Over the course of the past greater decade, our research here at the Rovis group has covered a broad range of topics in asymmetric catalysis, organocatalysis, and organometallic chemistry. Since its inception, our group has disclosed findings ranging from the stereoselective rearrangements of vinyl acetals and ethers, to Ni-catalyzed desymmetrizations of various cyclic meso-anhydrides, and even disclosing the synthesis of several natural products using various technologies developed within the lab. We also have a rich and prominent history within the field of N-heterocyclic carbenes (NHCs) as organocatalysts, pioneering studies in acyl-anion, azolium-enolate, and homoenolate reactivities as catalyzed by triazolylidene-based carbenes. We use the methodology developed within our group to provide easier access to nitrogen and oxygen containing heterocycles, those of which are of significant interest to the fields of medicinal chemistry and pharmaceutical development. Though various opportunities still exist in the aforementioned research areas, our more contemporary foci include some of the following:
Photoredox catalysis has allowed chemists to activate inert functionalities using visible-light energy as the main driving force. The ubiquity and tunability of photons makes them an ideal external stimulus for enabling catalysis of traditionally non-reactive functionalities. As such, metal poly-pyridyl complexes, upon absorbing visible-light radiation, may function as either oxidants or reductants of stable Co(II) pre-catalysts. One of our research aims is to combine photoredox and cobalt catalysis to generate catalytically active species capable of unprecedented reactivity and unforeseen applications in materials science.
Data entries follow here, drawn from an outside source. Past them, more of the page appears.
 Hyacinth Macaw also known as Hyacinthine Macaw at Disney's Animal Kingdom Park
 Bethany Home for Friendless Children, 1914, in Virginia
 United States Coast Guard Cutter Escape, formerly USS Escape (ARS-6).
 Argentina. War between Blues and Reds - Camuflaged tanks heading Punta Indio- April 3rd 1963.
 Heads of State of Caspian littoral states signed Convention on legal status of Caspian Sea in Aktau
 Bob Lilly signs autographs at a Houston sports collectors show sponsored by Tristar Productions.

Another one of our research aims in this domain is to provide a unified strategy for the functionalization of aliphatic amines via sp3-hybridized C-H bond activation. In this regard, we can generate alkyl radicals via a photo-chemically enabled oxidation of an N-H bond and subsequent intramolecular hydrogen atom transfer (HAT). We can trap these alkyl radicals with a variety of radical acceptors to then generate a wide breadth of functionalized amines. By varying the directing group on nitrogen, we are able to dictate the site-selectivity of the alkyl-radical intermediate to thus functionalize positions α, β, γ, and δ from a nitrogen moiety. Further exploration into in situ transient directing groups is currently ongoing for the functionalization of both nitrogen and oxygen containing aliphatic chains.
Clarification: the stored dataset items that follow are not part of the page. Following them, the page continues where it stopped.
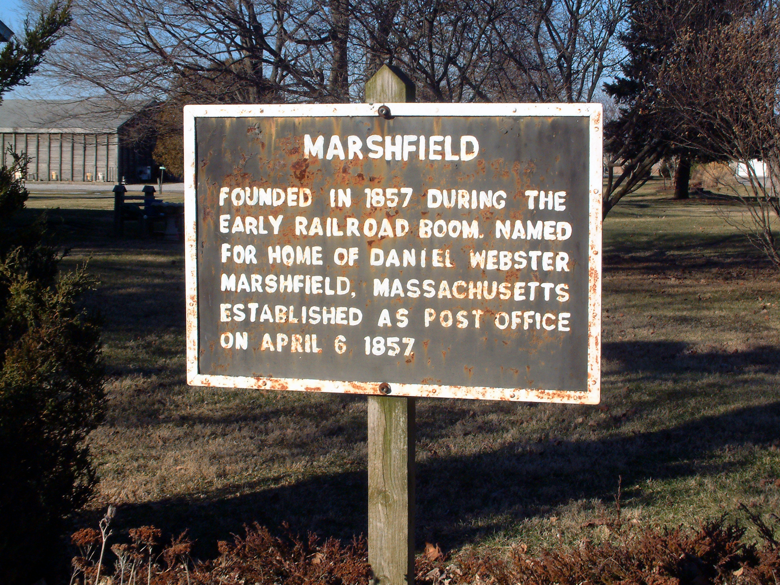 The historical marker in the town of Marshfield, Indiana, on the north side of State Avenue between Ohio Street and Kent Street. It reads: Marshfield Founded in 1857 during the early railroad boom. Named for home of Daniel Webster, Marshfield, Massachusetts. Established as post office on April 6, 1857.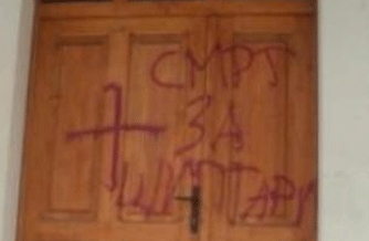 Writings on a mosque door in Macedonian meaning "Death to Albanians"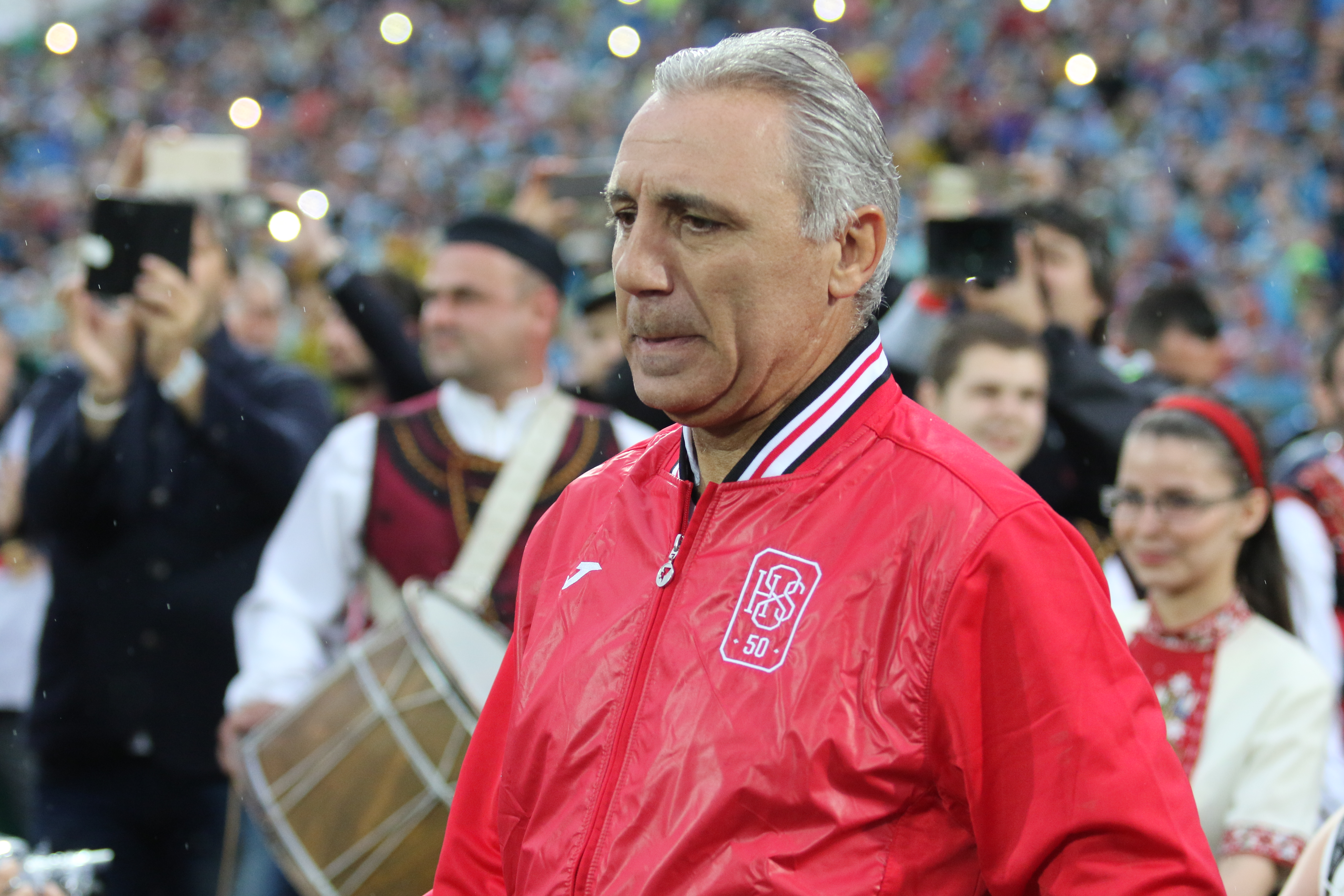 Hristo Stoichkov - former bulgarian soccer player

Our group is also interested in studying new transformations promoted by Rh(III)-cyclopentadienyl complexes. One domain of research involves directed metalation of sp2-hybridized carbon centers, leading to the formation of rhodacyclic intermediates. These species then undergo insertion with unsaturated coupling partners such as alkenes, alkynes, or diazo compounds, leading to the formation of nitrogen heterocycles of varying ring sizes. Alternatively, by clever design of the directing group, an intriguing carboamination reaction was recently discovered. In this reaction, the initial C-H activation is followed by cleavage of the directing group, which is then followed by reductive elimination to construct the carbon-nitrogen bond, leading to acyclic products. Also, our group is equally interested in systematic studies on the effect that perturbed steric and electronic parameters of the Cp-ligands has on the overall reactivity of Rh(III) complexes. We have found that regioselectivity, diastereoselectivity, chemoselectivity, and reactivity are all influenced by the nature of the Cp-ligands employed. Finally, enantioselective variants of some Rh(III)-promoted transformations have been previously disclosed and are also currently under development. The strategy employed relies on artificial metallozenymes and has led to a diverse research topic within our group.
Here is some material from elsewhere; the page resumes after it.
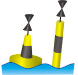 West cardinal mark in IALA system.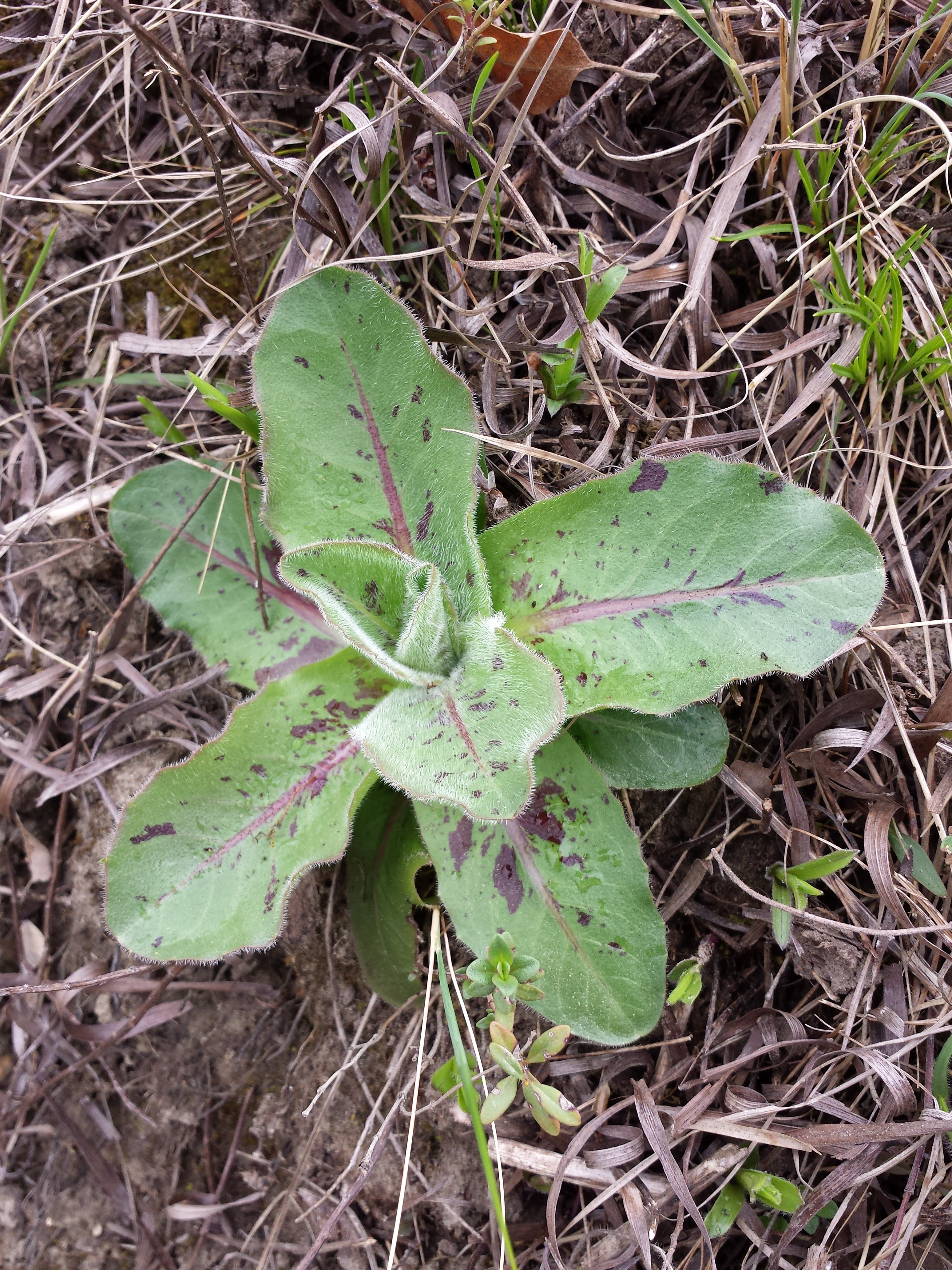 Rosette Taxon: Hypochaeris maculata (sensu Fischer et al. EfÖLS 2008 ISBN 978-3-85474-187-9) Location: Wartberg near Ulrichskirchen, district Mistelbach, Lower Austria - ca. 240 m a.s.l. Habitat: semi dry grassland

Enzymes that are found in nature enable a plethora of powerful chemical transformations. We have a marked interest in utilizing what nature has done best for eons and applying it in a laboratory setting, with a particular focus toward organometallic-enabled chemical transformations. In recent years, artificial metalloenzymes, which are simply enzymes that are resultant from the incorporation of an organometallic cofactor within a host protein, has proven to be an effective alternative to traditional modes of catalysis. As such, we are interested in using biotin-streptavidin technology as a means of incorporating Rh(III)-cofactors en route to generating metalloenzymes that enable C-H activation chemistry in aqueous environments. Site-directed mutagenesis has allowed us to generate a library of streptavidin (SAV) metalloenzymes that are ultimately responsible for enhancements in reactivity as well as improved selectivity. More specifically, our current interest in this field involves utilizing these metalloenzymes as macro-catalysts for increased reactivity and selectivity in Rh(III) catalyzed C-H activation reaction systems.